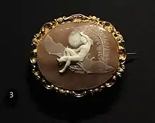 The first period in Victorian jewellery is known as the Romantic period or early Victorian period.[4] During this period, inspiration derived from the Renaissance, Middle Ages and the natural world.[4] This period saw a rise in the use of gold material,[4] which contributed to the construction of jewellery.
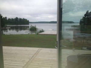 Härliga morgonträningen är avklarad! Jag står vid köksbänken (spanar på fåglar genom fönstret) och äter frukost. Underbar proteinpannkaka med banan, jordgubbar och melon.
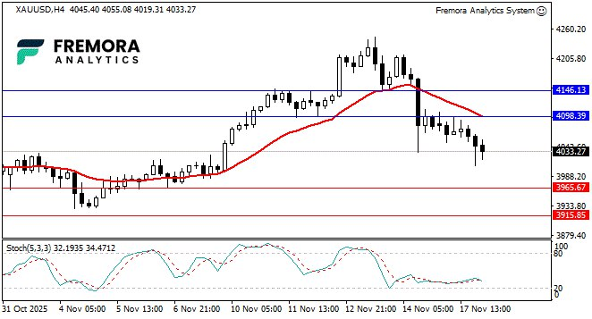 A close below 3965 exposes deeper retracements toward 3915 and the $3,975 Fibonacci zone.
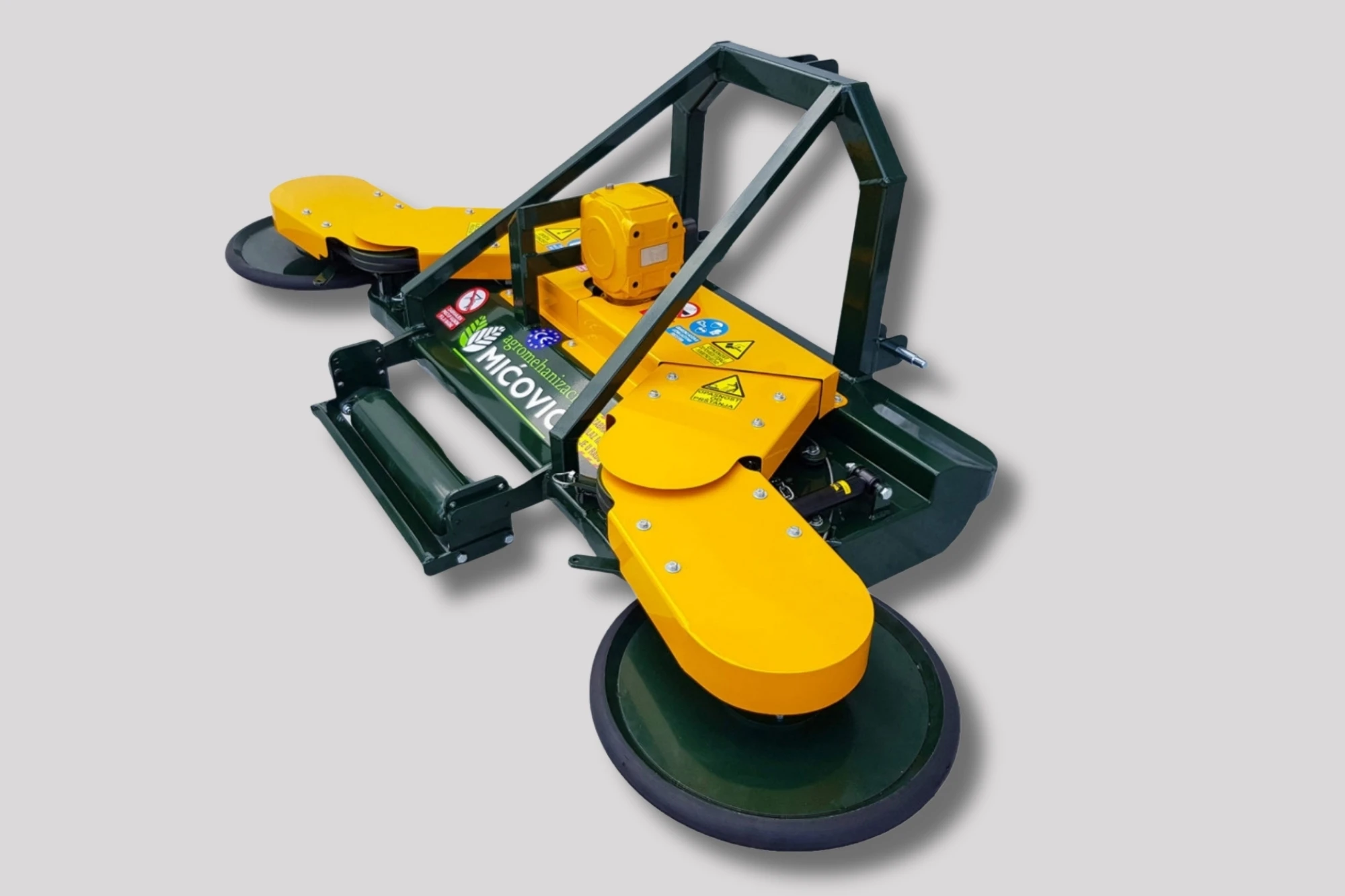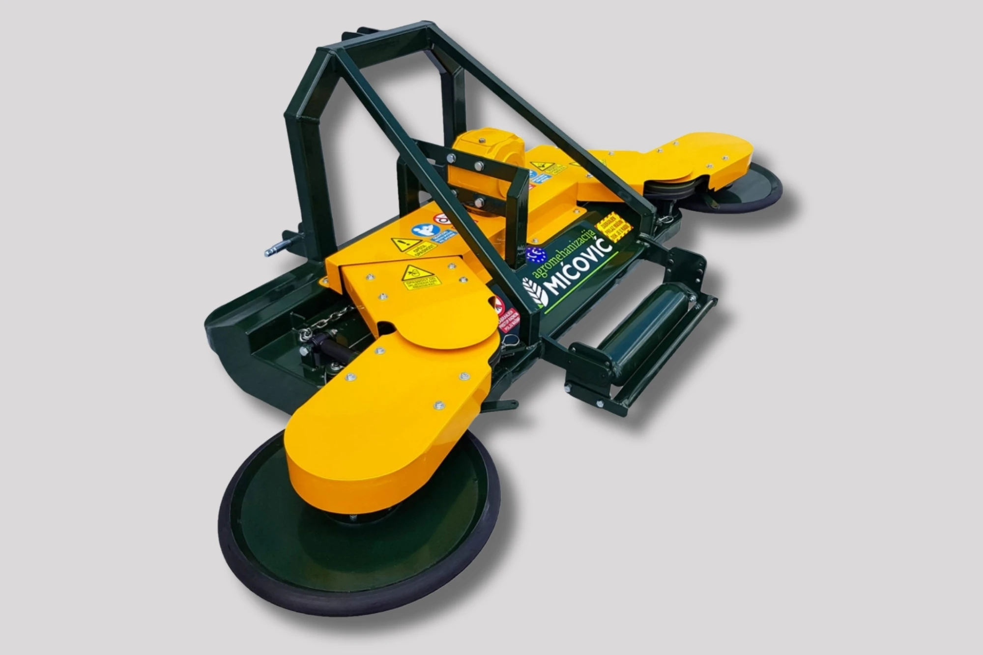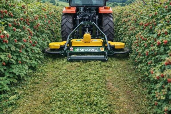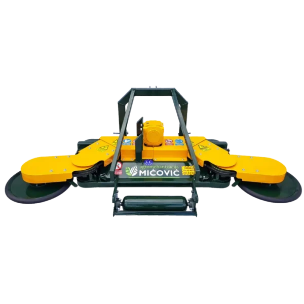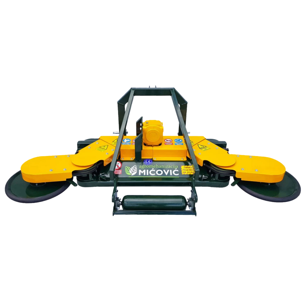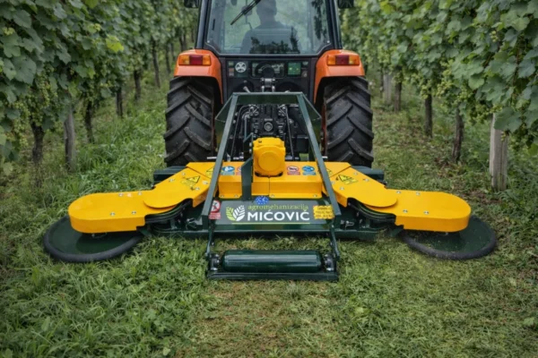Mulčar Mićović DAD 200 z dvojnim bočnim diskom je zasnovan za profesionalno mulčanje večjih vinogradniških in sadjarskih površin, kjer sta ključni visoka storilnost in popolna obdelava prostora med vrstami. Učinkovito deluje v visoki travi in gostem grmovju, dva bočna diska pa omogočata sočasno košnjo med trtami in drevesi na levi in desni strani. Takšna zasnova omogoča enakomerno obdelano površino v enem prehodu ter bistveno skrajša čas dela na večjih površinah.
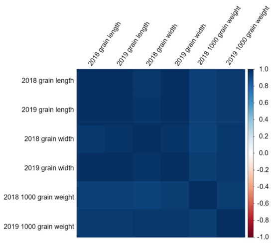 Correlation matrix heatmap with grain characteristics. The grain length, grain width, and 1000 grain weight all showed positive correlations. Therefore, grain shape is an important factor that can increase rice yield.
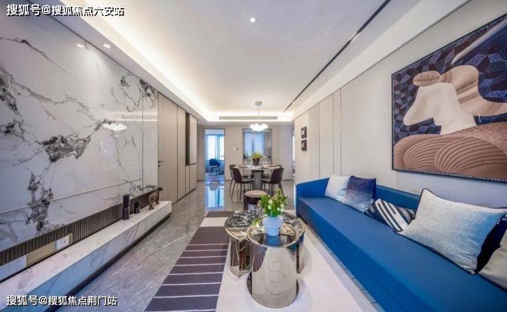 更加出人意料的是,翠栖府在客厅配置了“双背景墙”——电视机背景墙+沙发背景墙,其中电视机背景墙是大片岩板上墙,而沙发背景墙则是硬包的形式。
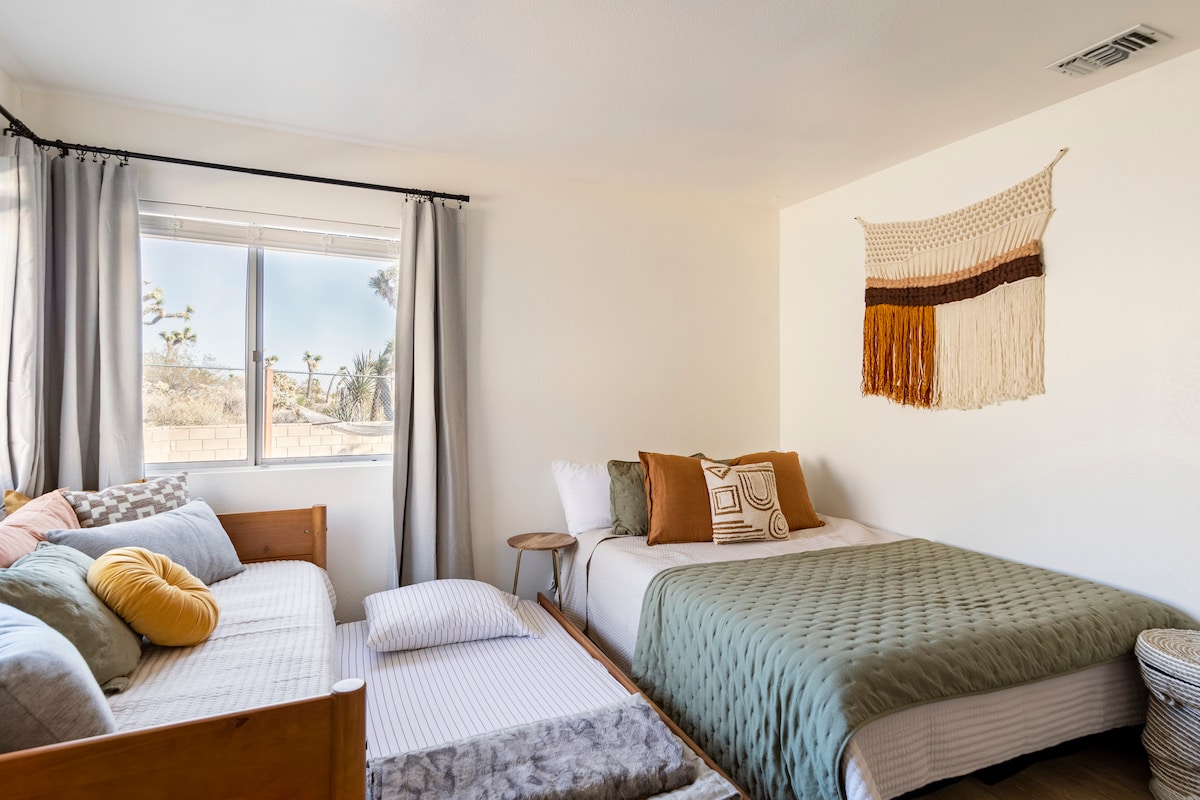 Just 8 minutes to the park entrance! The Resting Rabbit is located in the heart of Joshua Tree Village. Enjoy Roku smart TV, high speed WIFI, game room, fire pit, BBQ, & more. *Please note* The projector is currently unavailable due to a screen issue, but the TV is fully functional with all the same streaming options. 5 minute walk to the local & popular: Joshua Tree Coffee, Crossroads Cafe, Natural Sisters Cafe, Country Kitchen, local shops, Farmer's Market & Visitor's Center
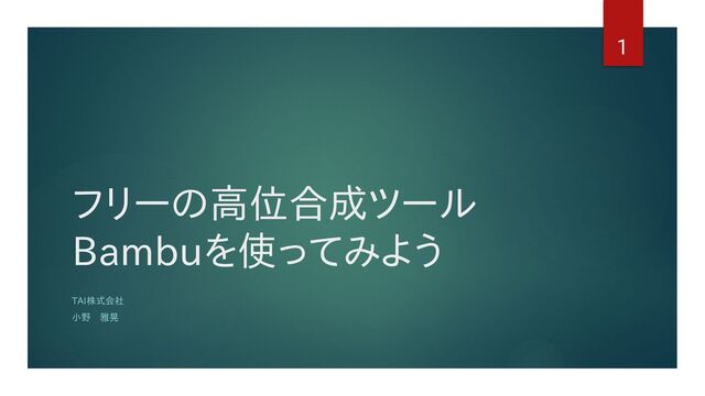 1 フリーの高位合成ツール Bambuを使ってみよう TAI株式会社 小野 雅晃
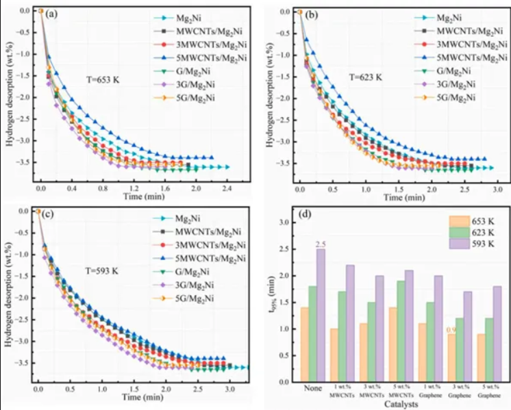MWCNTs和石墨烯的結(jié)合有效地降低了Mg2Ni合金放氫反應(yīng)所需的活化能,從而提高了放氫動(dòng)力學(xué)效率。特別值得注意的是,在3wt%石墨烯復(fù)合材料中,激活能最低為58.7kJ/mol,與Mg2Ni合金相比降低了約10kJ/mol。這突出了合金放氫動(dòng)力學(xué)最有效的增強(qiáng)。
----------
§ What this task involves:
The answer must consist only of the lines from the beginning of the entries above through the line that holds "Härliga morgonträningen är", reproduced exactly and without pictures.

§ Problem solution:
 The first period in Victorian jewellery is known as the Romantic period or early Victorian period.[4] During this period, inspiration derived from the Renaissance, Middle Ages and the natural world.[4] This period saw a rise in the use of gold material,[4] which contributed to the construction of jewellery.
 Härliga morgonträningen är avklarad! Jag står vid köksbänken (spanar på fåglar genom fönstret) och äter frukost. Underbar proteinpannkaka med banan, jordgubbar och melon.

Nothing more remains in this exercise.